First we need to know if we can identify the frequency of words from the command line and a bit of Googling gives us this:

cat file.txt | tr 'A-Z' 'a-z' | sed 's/--/ /g' | sed 's/[^a-z ]//g' | tr -s '[[:space:]]' '\n' | sort | uniq -c | sort -n | tail -n100 | sort -nr

Always have a good look over Linux commands you find online before running them - the above looks good, it just outputs ("cats") a file and passes it through tr, sed, sort, uniq and a tail command so it's unlikely to be able to do any harm. Running it on a file seems to give us a count of the most frequently used words from the text of the file - a good start!

Next we want to run this on the entire OpenCart source code. Unfortunately though this command will only take one file as input. Well let's put all of the OpenCart PHP source in to just one file, assuming we have a folder in the current directory called "upload" which contains the OpenCart source:

find upload/ -type f -name "*.php" -exec cat {} \; > oc.php

This command looks in the upload folder for files of type f (file) where the name is *.php and runs the "cat" command on each file, represented by "{}" which just outputs the content of the file. The backslash escapes the semi-colon which is needed to end the command. The greater than symbol (>) appends that output to a file we're going to call oc.php.

The resulting file is all of the PHP from OpenCart in one file - 11MB of it which translates to roughly 11 million characters. That's a lot of keystrokes OpenCart founder Daniel Kerr has made over the years!

So, let's run our original command on this file and see what we get ...
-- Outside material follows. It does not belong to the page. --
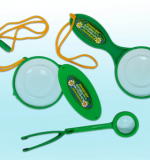 2) лупа диаметром 8 см с ручкой длиной 11 см со шнурком на конце ручки для удобного использования;

cat oc.php | tr 'A-Z' 'a-z' | sed 's/--/ /g' | sed 's/[^a-z ]//g' | tr -s '[[:space:]]' '\n' | sort | uniq -c | sort -n | tail -n30 | sort -nr

Output:

  18736 if                                                                 
  11975 function                                                            
   9692 array                                                               
   9562 return                                                              
   9075 public                                                               
   8877 the                                                                  
   6793 else                                                                 
   5411 true                                                                  
   4454 new                                                                    
   3963 to                                                                      
   3844 url                                                                     
   3626 as                                                                       
   3419 a                                                                         
   3406 dbprefix
   3253 value
   3164 and
   2963 is
   2848 of
   2812 null
   2764 false
   2732 thissessiondatausertoken
   2563 usertoken
   2530 this
   2525 not
   2515 class
   2365 from
   2349 foreach
   2343 use
   2293 param
   2247 php

Interesting, and to be expected, but not particularly useful at this point - the words that are appearing are very basic PHP keywords like if, else, function, class etc.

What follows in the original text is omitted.